Chapter 6: Applications of Microfluidics in Marine Microbiology
6.1 Introduction
The uses of microfluidic devices are not limited to cell culture and cell-based assay for mammalian cells as discussed in previous chapters. Any other types of cells can take advantage of the benefits that microfluidic devices offer: high-throughput screening, portability, inexpensive platform, and reduced sample volume and reagents.
Under the collaboration with Dr. David Caron’s group at University of Southern California’s Department of Biological Sciences, one area that our group has applied microfluidic devices to is in the field of marine biology, specifically in studying algal bloom and toxin production by algae. Algal bloom and toxins produced by different algae have always caused problems to the environment and marine ecology. Due to certain favorable changes in environmental conditions, some algae can increase to a large density in a short period of time. For example, many studies have shown a strong correlation between phosphorus loading and phytoplankton production in freshwater [118]. Some produced toxin and can directly cause sickness or death of organisms such as shellfishes that feed on the algae. The phosphorus can originate from excess nutrients in fertilizers that enter the river or sea during water runoff. More importantly, when large quantity of those contaminated shellfishes was consumed by organisms in higher order of the food chain, fatalities often resulted. For example, Alexandrium tamarense, can produce saxitoxin and cause paralytic shellfish poisoning [119]. Non-toxic algal bloom can lead to harmful effects by disrupting food chains.
Pseudo-nitzschia is one type of algae that produces a neural toxin called domoic acid, which when transferred through the food chain causes sickness and mortality in marine mammals, seabirds and even humans [120]. Perl et al. reported an outbreak of domoic acid intoxication in Canada in late 1987 that led to illness of 107 adults and death of three elderly people [121]. Mussels were contaminated and resulted in amnesic shellfish poisoning with symptoms of gastrointestinal and neurological disorders. Also, domoic acid has been linked to the death of numerous sea lions along the California coastline in 1998 [122].
Domoic acid is a neural toxin that affects animals with complex central nervous systems. Domoic acid is structurally analogous to neural transmitter glutamic acid, which is present in nearly 40% of all neuronal synaptic sites, and upon binding to receptors, domoic acid prolongs receptor activation and excessive cation influx. This uncontrolled influx can cause nerve cells to degenerate. During Pseudo-nitzschia bloom, domoic acid is not always produced. In another word, growth of algae does not equal domoic acid production. Studies done by other groups have suggested that many factors might induce or suppress algae to produce toxin. Maldonado el al. reported that deficiency in iron and copper can induce domoic acid production [123]. Silicate depletion has been shown to cause increase in domoic acid production [124]. It has been suggested that high phosphate level can lead to increased domoic acid production [125].
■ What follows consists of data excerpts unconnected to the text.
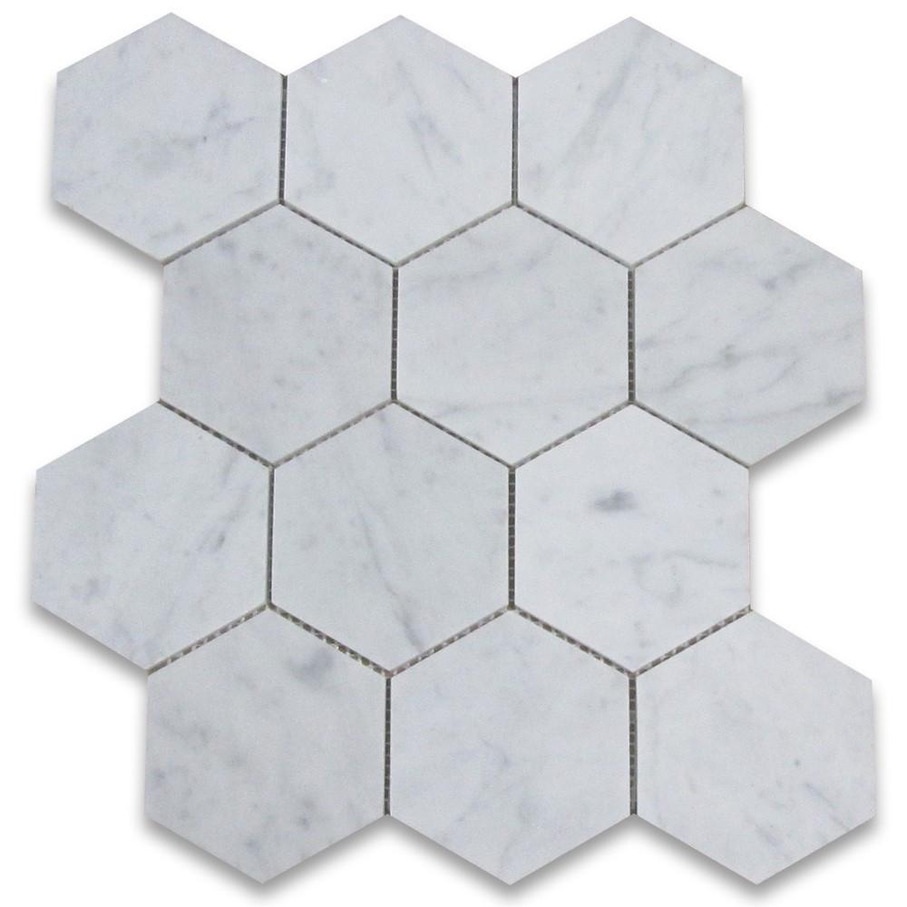 - Premium Grade Carrara Marble Italian White Bianco Carrera 4" Hexagon Mosaic Tile Polished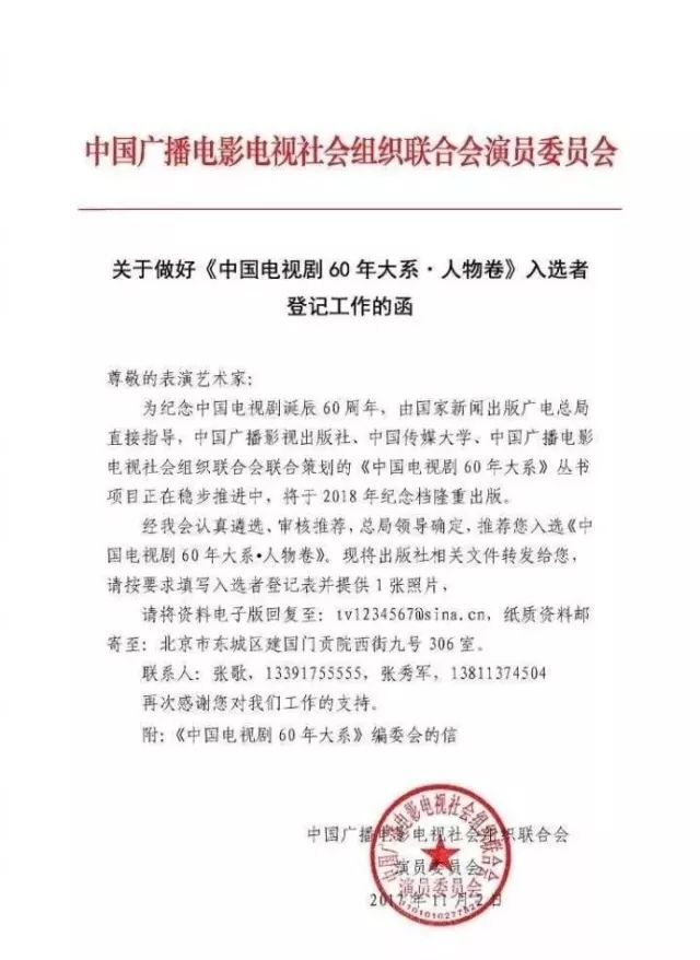 为纪念中国电视剧诞辰60周年,由国家新闻出版广电总局直接指导,中国广播影视出版社、中国传媒大学、中国广播电影电视社会组织联合会联合策划的《中国电视剧60年大系》丛书项目正在稳步推进,将于2018年纪念档隆重出版。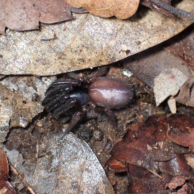 エンマグモの仲間。 全身光沢のある黒褐色をしており、 細かい毛が生えています。 樹林地や神社などで見られますが、 目につくことは少ないです。 スギやヒノキなどの樹皮の割れ目や樹皮の下、 岩の割れ目などに、 入り口に糸を引いた管状の住みかを作ります。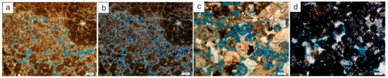 The mineral composition in the tuff is predominantly characterized by felsic fragments, with plagioclase, orthoclase, and a small amount of sanidine being the main feldspars. The grain size ranges from approximately 0.01 to 0.1 mm, with some grains exhibiting bay-like and fragmented edges, indicative of a typical tuffaceous texture. Additionally, a significant amount of vitroclastic tuff is observed, where the shards and crystal fragments are irregularly shaped, such as torn and flame-like forms, and in some rocks, they are cemented in a “matrix” manner (Figure 3a,b).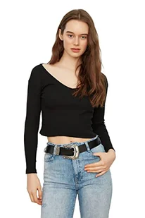 TRENDYOL Damska bluzka z dekoltem w serek, jednokolorowa, podkreślająca figurę, Black And White, L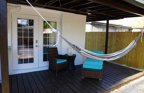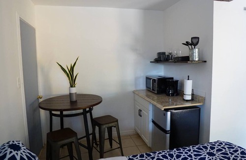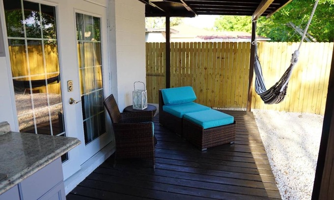 Recently remodeled with modern cozy touches. Completely independent Studio with private entrance to come and go as you please. Free private parking in driveway. Equipped with fridge, microwave, and coffee maker. smart TV! Our studio is within a centrally located residential neighborhood in the heart of tampa. An Uber ride away from all tourist attractions, famous restaurants and nightlife is just a couple blocks away. Safe to come and go at all hours. A 5 minute drive to the Airport, upscale shops of international Mall and most famous Restaurants in Tampa like Ocean Prime. Saint Pete Beach is a 20 minutes drive away! (Please let us know if you are heading to the beach we can lend you beach chairs and umbrella). 20 min away from Bush gardens. 10 min away downtown Tampa.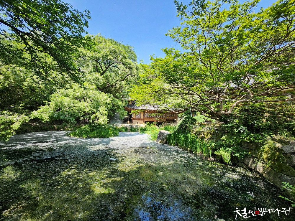 남간정사는 전면의 반석 위에 연못을 조성하여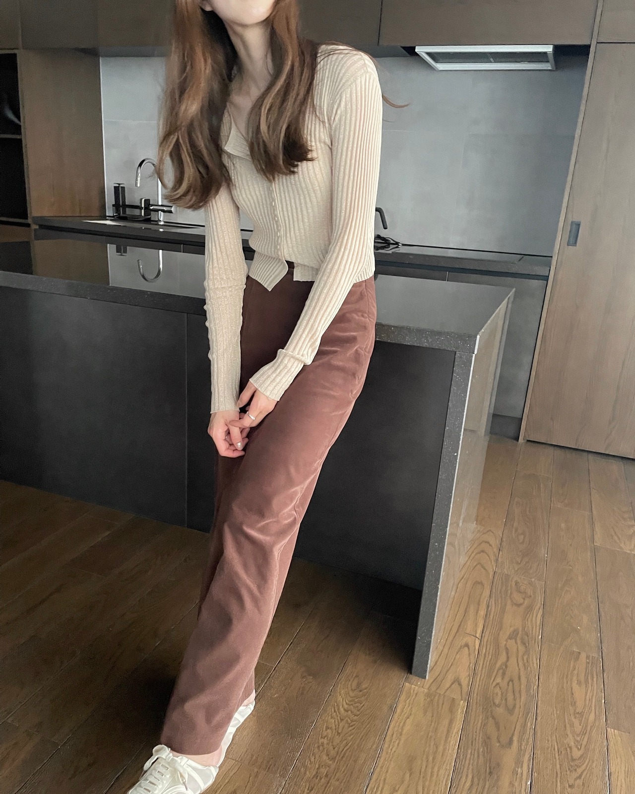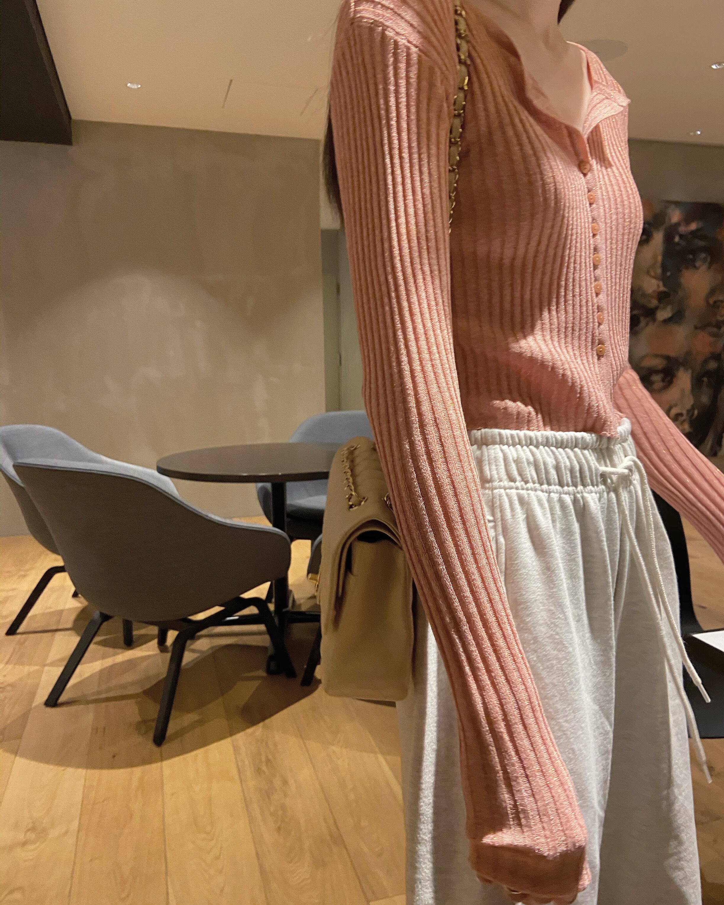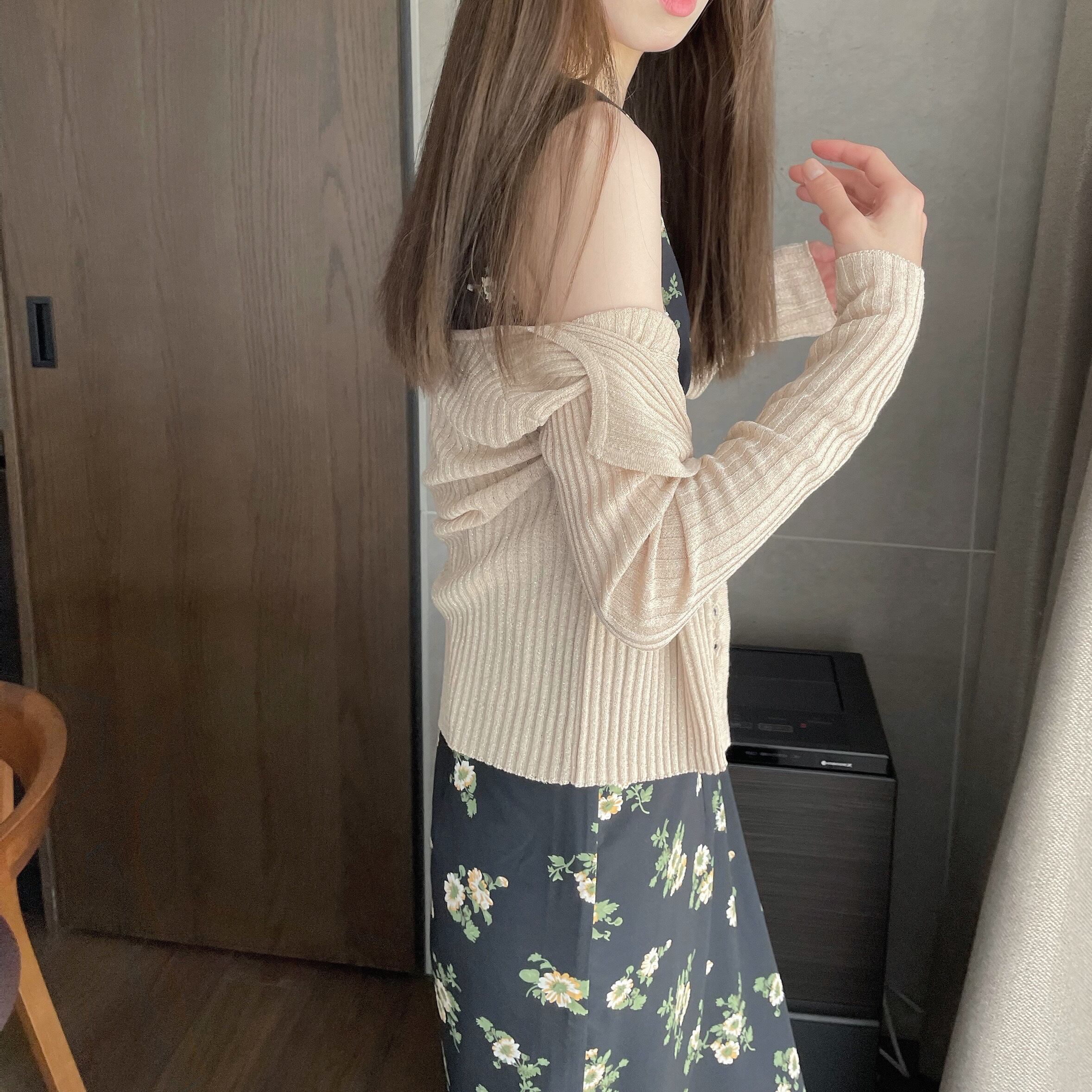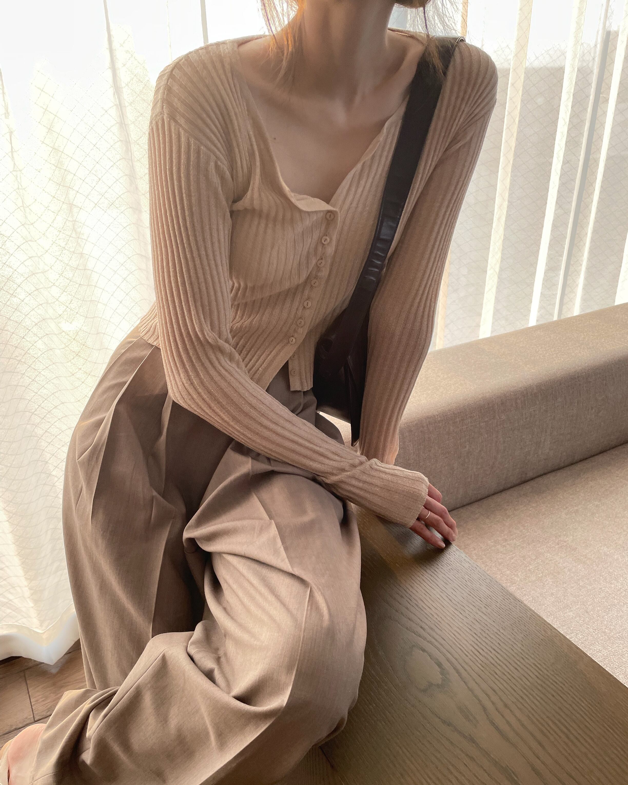 小粒なラメ感が大人可愛いリブカーデ。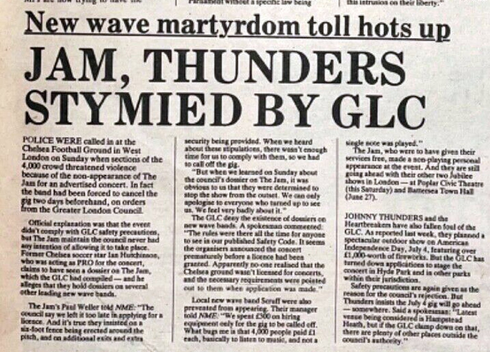 Photo: JAM : surprising victims of backlash/ STRANGLERS : councils ban dates/ CLASH : no insurance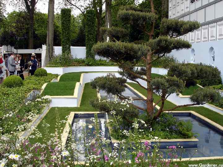 В последнее время появились сады воды, сады архитектуры, выставочные сады. Выставочные сады – располагаются на маленьких площадях, призваны показать новые тенденции в ландшафтной архитектуре. Выставка садов в Челси.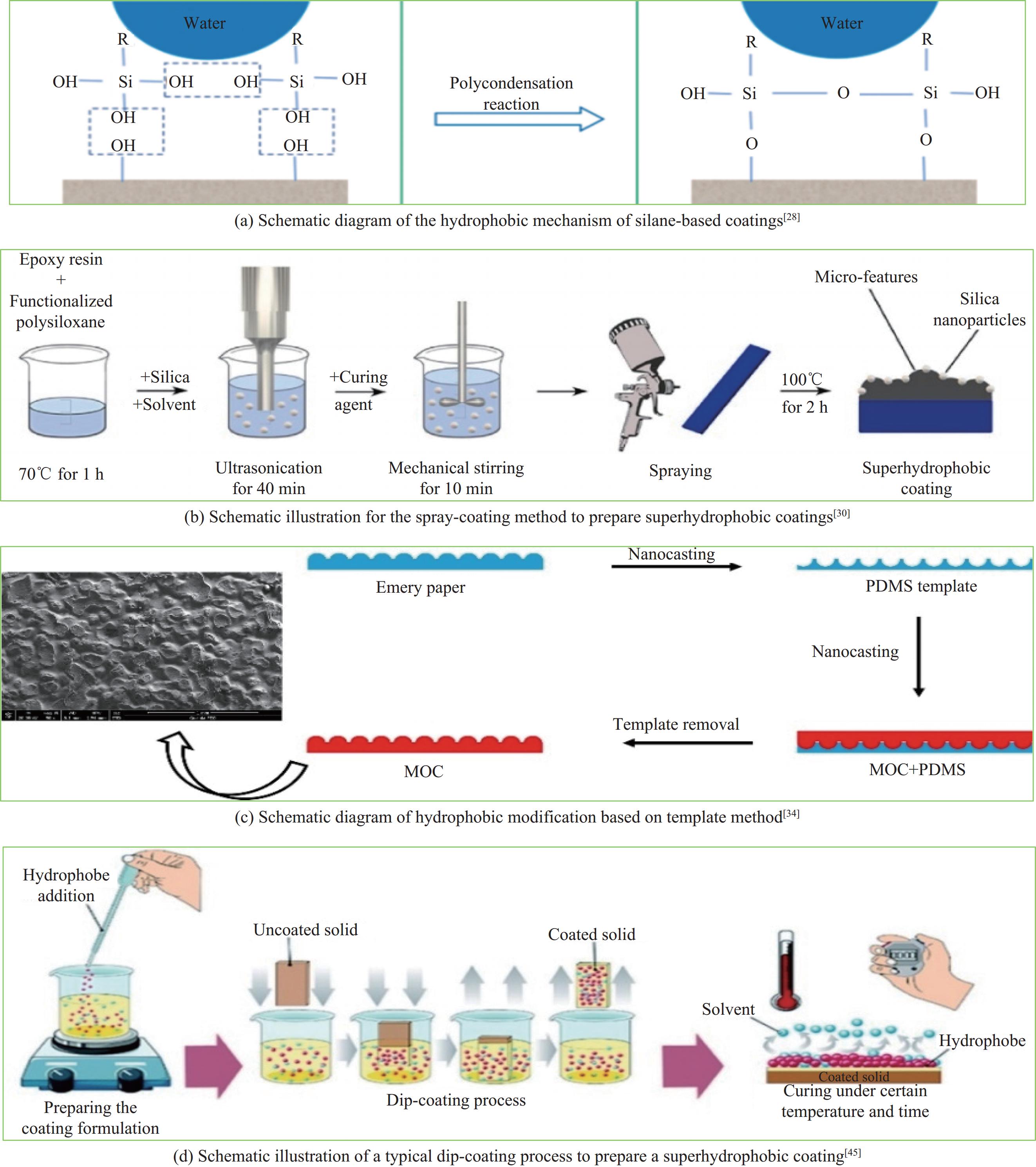 The long-term durability of concrete is one of the main problems it faces, and the main cause of durability damage is the migration of water in the porous structure of concrete, which makes it easier for harmful ions to enter the interior of the substrate. Modifying the cement and geopolymer with superhydrophobic materials is a valid method to avoid the transmission of water, thereby preventing the migration of harmful ions and increased its durability of concrete. This review summarizes the superhydrophobic modification methods of cement and geopolymer cementitious materials and categorized into superhydrophobic surface and bulk modification. The modification mechanism of superhydrophobic modifier added to cement and geopolymer and their bonding mode with inorganic matrix in the internal modification method. Besides, the modification methods commonly used for surface modification in the present research are summarized, divided into external coating, maceration, template method, etc., and the surface modification mechanism is analyzed. Compared with the superhydrophobic composite coatings, the monolithically modified cement and geopolymer matrix composites have greater advantages in practical application scenarios. In addition, the effects of hydrophobic modification on the wettability, waterproofing, compressive properties and anti-corrosion properties of composites are concluded, and their compressive strength was reduced by about 20%-60%. Finally, some problems in the research of hydrophobic modification of cement and geopolymer composites are described and the future research direction is prospected, and it is suggested to carry out research on volumetric super-hydrophobicity, improvement of compressive strength, cost control, and homogeneous dispersion of hydrophobic admixture inside the material.

Bacteria strains have also been shown to increase domoic acid production by as much as 95-fold [126]. Yet, exact causes are unclear and there are numerous possible factors that can cause toxin production. To completely elucidate the causes of toxin production,
many potential compounds will have to be screened. This leads to an enormous number of experiments to be performed and large quantity of reagents and cells to be used.
To facilitate progress in marine biology research and speed up the process of screening for possible factors inducing toxin production, we would like to make a chip to culture Pseudo-nitzschia under different growing conditions. The toxin will be detected using ELISA method or an ultra sensitive optical sensor being developed at Dr. Chih- Ming Ho’s lab at University of California at Los Angeles. The current state-of-the-art detection technology indicates that per cell toxin load may range over 2 or 3 orders of magnitude but its sensitivity is limited since a sample size of at least 100 cells/mL is required. The new optical sensor will be able to push the sensitivity to 10 cells/mL or to even single molecule of domoic acid. The algal cells will be trapped and cultured on- chip and combinatorial mixer discussed in chapter 3 and 4 will be used to expose algal cells to different conditions. Cellular contents will be extracted for detection of toxin from lysates.
In this chapter, the development of the applications of microfluidic cell-based assaying device for studying toxin production by algae is discussed. As most algal cells are not adherent like the mammalian cells used in previous experiments, on-chip traps were needed to contain floating cells like algal cells inside the micro chambers. Various trapping designs will be presented and the developed trapping protocol will be discussed.
The method to maintain algae in a healthy state and to culture algae on-chip has been developed. As the presence of the intracellular toxin, domoic acid, cannot be directly monitored on-chip, a method to lyse the cells on-chip is presented.